WORK TASK
Pictures are to be dropped, and only the lines from the one containing "DZ650-2L立柜式小型真" through the end of the data below are to be reproduced as written.

SUPPLIED INFORMATION
--*--
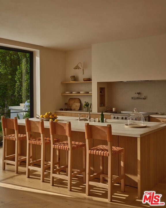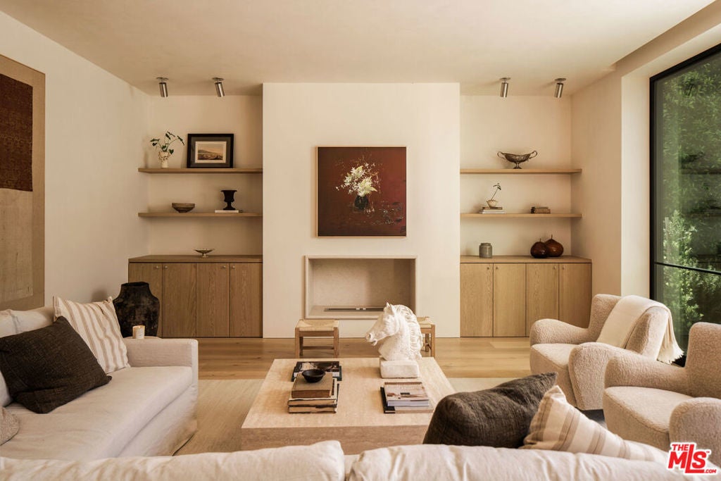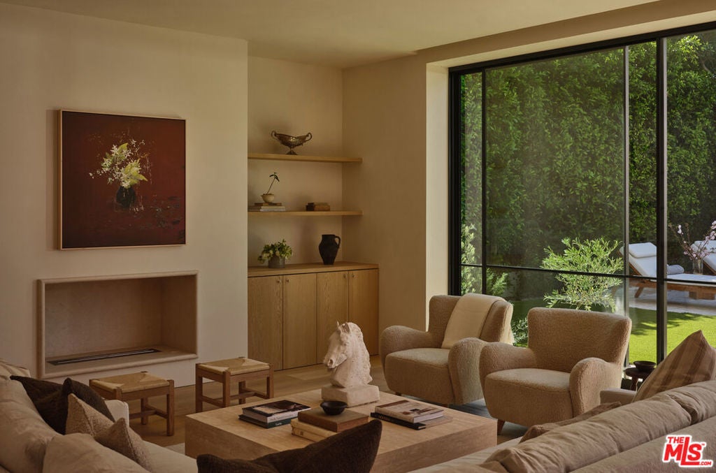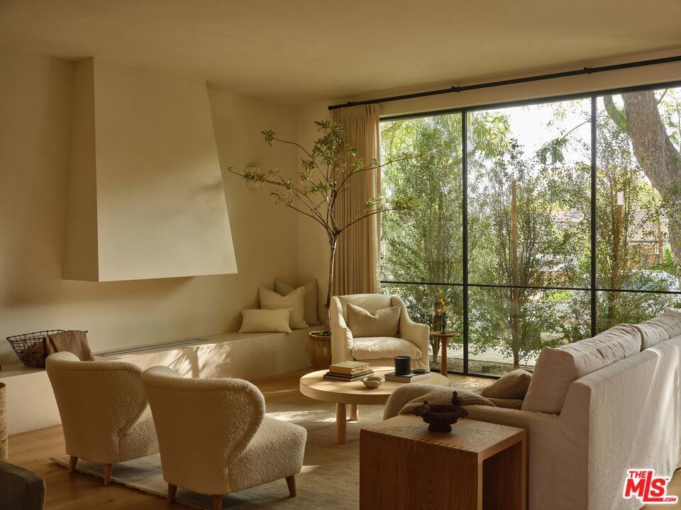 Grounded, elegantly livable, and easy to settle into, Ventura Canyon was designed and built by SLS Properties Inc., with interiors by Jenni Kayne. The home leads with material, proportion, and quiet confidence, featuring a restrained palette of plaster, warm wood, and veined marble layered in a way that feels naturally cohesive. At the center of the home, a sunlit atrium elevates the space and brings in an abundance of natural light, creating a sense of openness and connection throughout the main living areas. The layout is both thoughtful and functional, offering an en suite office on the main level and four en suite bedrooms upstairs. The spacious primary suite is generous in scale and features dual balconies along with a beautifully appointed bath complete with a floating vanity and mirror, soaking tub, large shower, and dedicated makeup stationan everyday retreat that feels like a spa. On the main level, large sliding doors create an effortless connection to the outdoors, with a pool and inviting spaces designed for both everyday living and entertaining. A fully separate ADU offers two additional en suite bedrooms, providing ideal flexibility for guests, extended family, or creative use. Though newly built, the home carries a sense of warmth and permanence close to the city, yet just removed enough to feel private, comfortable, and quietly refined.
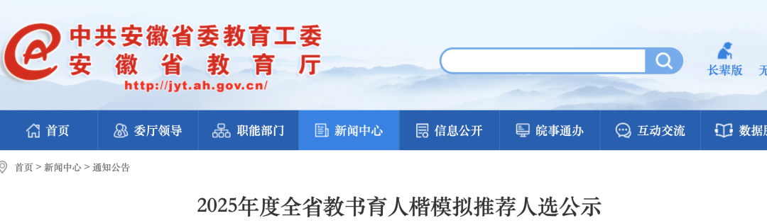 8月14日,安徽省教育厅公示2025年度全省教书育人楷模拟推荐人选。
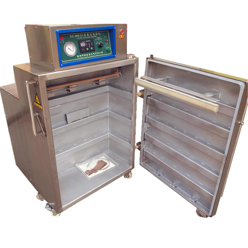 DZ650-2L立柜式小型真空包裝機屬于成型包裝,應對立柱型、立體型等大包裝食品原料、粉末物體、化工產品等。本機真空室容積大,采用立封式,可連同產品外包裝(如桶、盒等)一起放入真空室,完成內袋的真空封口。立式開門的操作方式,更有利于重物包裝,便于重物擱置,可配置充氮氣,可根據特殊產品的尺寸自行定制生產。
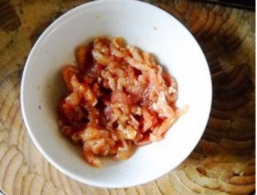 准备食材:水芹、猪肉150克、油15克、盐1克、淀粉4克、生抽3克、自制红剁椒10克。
--*--
SOLUTION FOR THIS PROBLEM
 DZ650-2L立柜式小型真空包裝機屬于成型包裝,應對立柱型、立體型等大包裝食品原料、粉末物體、化工產品等。本機真空室容積大,采用立封式,可連同產品外包裝(如桶、盒等)一起放入真空室,完成內袋的真空封口。立式開門的操作方式,更有利于重物包裝,便于重物擱置,可配置充氮氣,可根據特殊產品的尺寸自行定制生產。
 准备食材:水芹、猪肉150克、油15克、盐1克、淀粉4克、生抽3克、自制红剁椒10克。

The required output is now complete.